First of all, both characters are ok.
Minmaxed a little, but that is not a totally bad thing.
Both clerics have playability issues though and you might consider following:
1st cleric is slow to act and neither charismatic nor intelligent. You might not have a lot of fun with hin despite being really tough as nails.
The second cleric is so weak he can't wear his stuff. Medium armor is still quite heavy. You are also in a bad position against creatures that try to grab you.
So as food dor thought: try spreading ability scores some more.
Your first character could be:
STR 16 DEX 8 CON 14 INT 10 WIS 16 CHA 10
heavy armor mastery. Looks a lot less min maxed and still really tough.
Your second cleric could be:
STR 12 DEX 16 CON 14 INT 8 WIS 14 CHA 10
Defensive duellist.
Fast to act but not a good thinker.
One thing I always feel compelled to point out is that a lot of people (particularly people who attach negative connotations to the terms we're discussing in this thread) assume that "min/maxing" means pumping their primary scores to the max and then dumping everything else...
However, particularly in previous editions, this was pretty much a guarantee that you'd just built a one-trick glass cannon and pretty much missed the entire point of the Min/Max exercise...
"Min/Maxing", as the term was used in the old WotC CharOp forum by the CharOp wizards, meant maximizing your strengths... While
minimizing your weaknesses.
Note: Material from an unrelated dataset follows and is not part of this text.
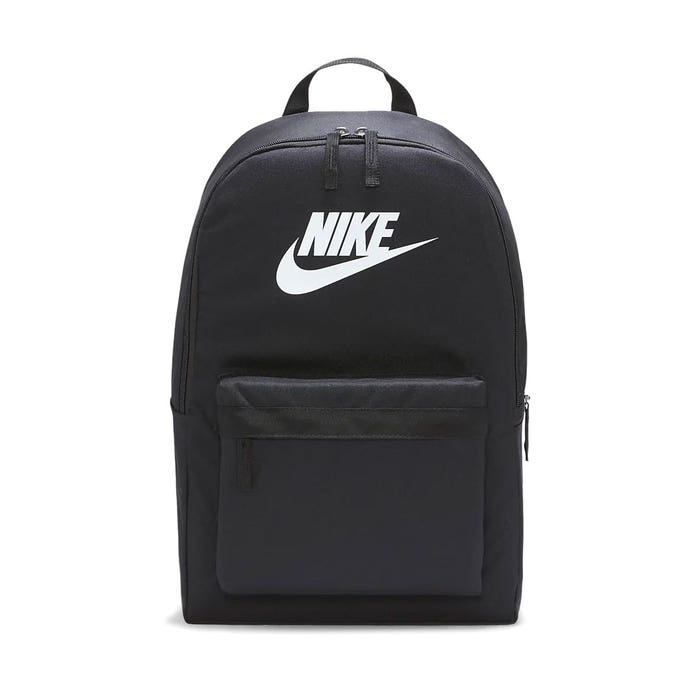 Introducing the Nike Heritage 2.0 Backpack in Black . Simple and functional, this backpack is ideal for carrying all your school essentials. The zipped main compartment holds an internal 15” laptop sleeve, while the zip front pouch is perfect for holding smaller belongings. The carry loop and padded shoulder straps and back panel are designed for day-long comfort.
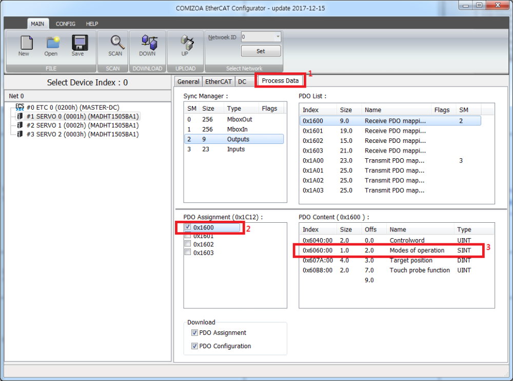 원본 보기토론이전 판역링크책에 추가PDF로 내보내기맨 위로 목차 Case 1 이더캣, 홈복귀, homing, 에러 홈복귀(드라이버 제공) 시작 실패 × 드라이버에서 제공하는 홈복귀 모드 사용시 홈복귀가 시작되지 않는 경우에 대한 안내 페이지입니다. Case 1 Cause 드라이버에서 제공하는 홈복귀 모드 사용 시, 마스터는 드라이버의 Operation Mode 를 Homming Mode 로 변경한 후 홈복귀 시작 명령 전달 이 때, Operation Mode는 PDO의 “Mode of Operation” Object를 통해 변경. PDO에 “Mode of Operation”이 포함되어 있지 않으면, Operation Mode가 변경되지 않아 홈복귀가 시작되지 않음. Solution Mode of Operation이 포함된 PDO 맵 사용 Mode of Operation이 포함된 맵은 Configuration 과정에서 PDO Assignment를 통해 선택 가능 일반적으로 SyncManager - Output 을 바꾸면, Input 도 함께 변경1) 1) Output의 PDO Assignment를 0x1600 으로 변경하면 Input의 PDO Assignment는 0x1A00 으로 변경 이더캣 홈복귀 homing 에러

Shoring up your weak spots, not dumping your stats.
The whole point is to create a character who is as effective at what they were designed to do as possible
while not actively gimping yourself in other areas.
The classic example of the all-smashing idiot barbarian who can one-shot a troll at first level? He's all-powerful... Until he meets
anything that calls for a non-physical saving throw.
The Hulk just got punked by a cloud of pixies.
To focus the concept on the two clerics in the original post, and as mentioned above, you need to ask yourself several questions when shuffling around ability scores and other stats. Unless the cleric is going to be a big part of the party's melee capability, you need to ask yourself, how much Strength is too much? If he's not going to be depended on to bring big damage every round and his armor feat helps him mitigate some big hits, does he really need to max his Strength score to get an occasional +1 damage, will those few extra hit points from his maxed-out Con score matter often enough that they're
worth sacrificing something else for? Or could those few extra buy points be better used to shore up one of his other abilities? Does somebody else in the party have a decent Charisma score to deal with social encounters, or should you pop some extra points into Charisma and take Persuasion as a skill? What sorts of things require saves against his "tanked" abilities and how common are they?
It's all about assigning priorities and values to your limited set of character resources, and then making choices designed to balance the overall positives and negatives.